Colin and Dennis were the best two preachers I have heard, and certainly had the most influence on my life. After you get ordained there is of course less opportunity to hear other people preach. Richard Holloway, who was my Diocesan Bishop in Edinburgh, was always stimulating. And often controversial. He came once to Duns and told the congregation: “Here are some words I found recently on a fridge door in New York … I get most of my theology from fridge doors nowadays”. I think as a more-or-less conservative evangelical, I was a bit disapproving ! In the same sermon he told the congregation, “I’m going to quote some well-know lines from Philip Larkin [‘They f— you up, your parents …], … and I’ll bowdlerise them in case there are any reporters from the Daily Mail here”. The congregation loved it. And loved him. [And there was a reporter there.]

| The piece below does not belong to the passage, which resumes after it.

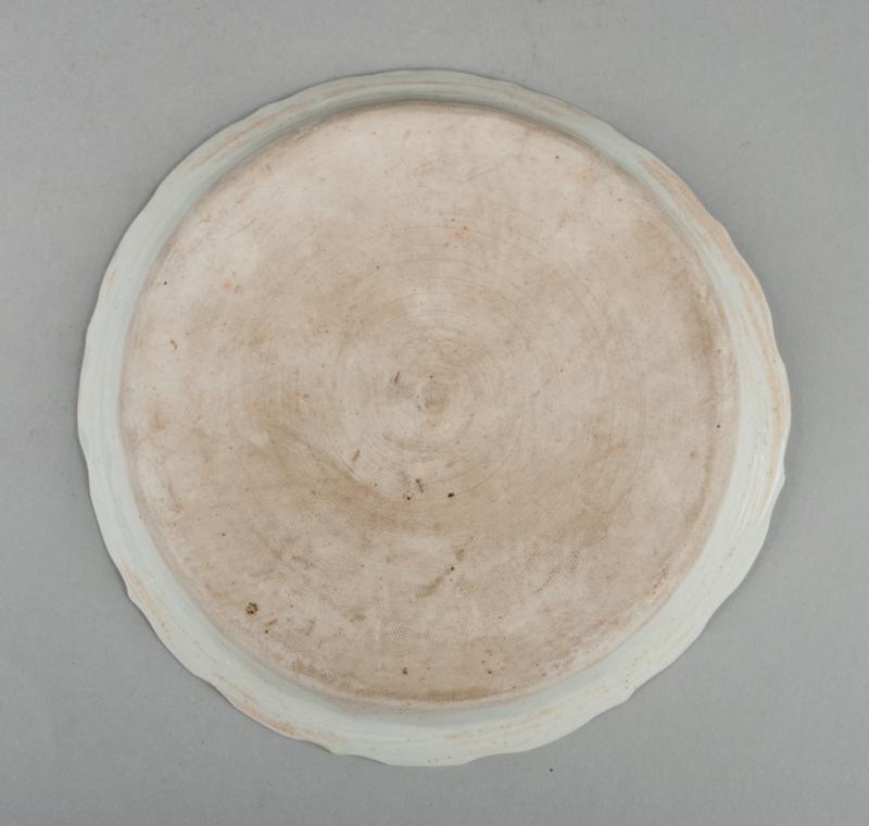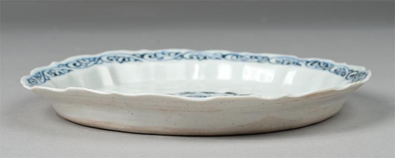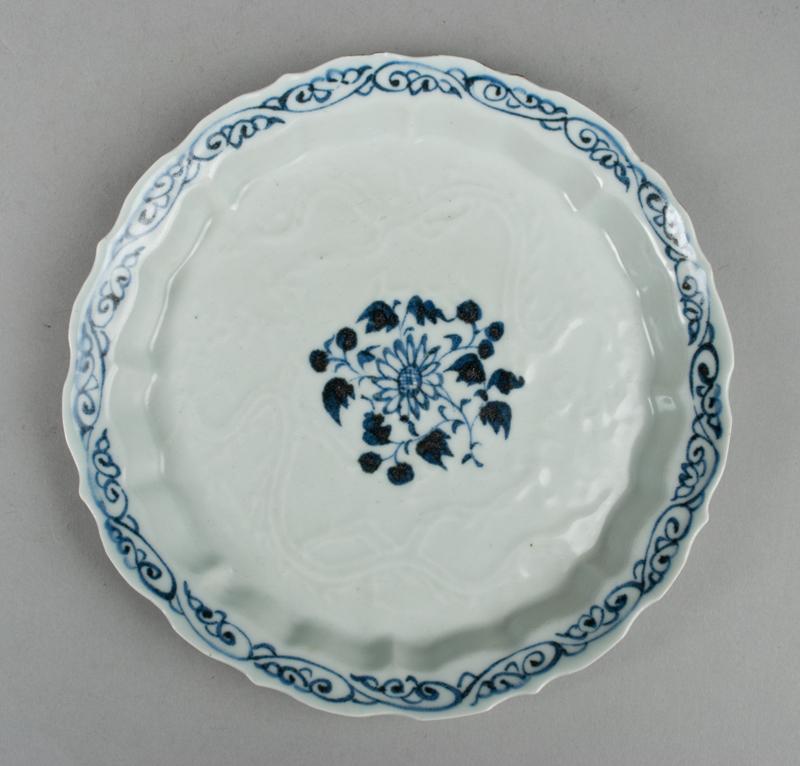 Small plate with scrolling edge decorated with blue scrolling and central floral medallion in blue and black. 6.25" Dia., 20th century.

Geoffrey Rowell, who was my Diocesan Bishop in Europe, was a different kind of bishop; he was a Tractarian Anglo-Catholic, most at home in an Oxford senior common room. He was also a different kind of preacher. My feeling was that his sermons, like some Orthodox theology, circled elegantly round a point that was never quite reached or articulated. More positively, on different occasions Peter Neilson, from the Church if Scotland, and David Smith, from ICC, Glasgow, came to preach for us in Lyon. And both were excellent.

Through connections with ICC, Richard Mayabi, then the priest of St Jerome’s Anglican Church in Kibera, in Nairobi, came to preach for us. He worked at that time in one of the biggest slums in Africa, and caught our imagination in Lyon as he spoke of a church community that was thriving in very difficult circumstances.
Here in retirement in Edinburgh we worship, when we are not elsewhere, in our local presbyterian church, in the Church of Scotland. Jared Hay, the previous minister, was an excellent preacher. And a very capable exponent of PowerPoint. [He also enlivened a sermon series on Revelation by dressing up as different characters in the story on successive Sundays.] Sadly his successor, though good with people and with children, seems to have little interest in engaging with scripture. I suppose I could have offered him my old commentaries. But I don’t know if he would have had much use for them.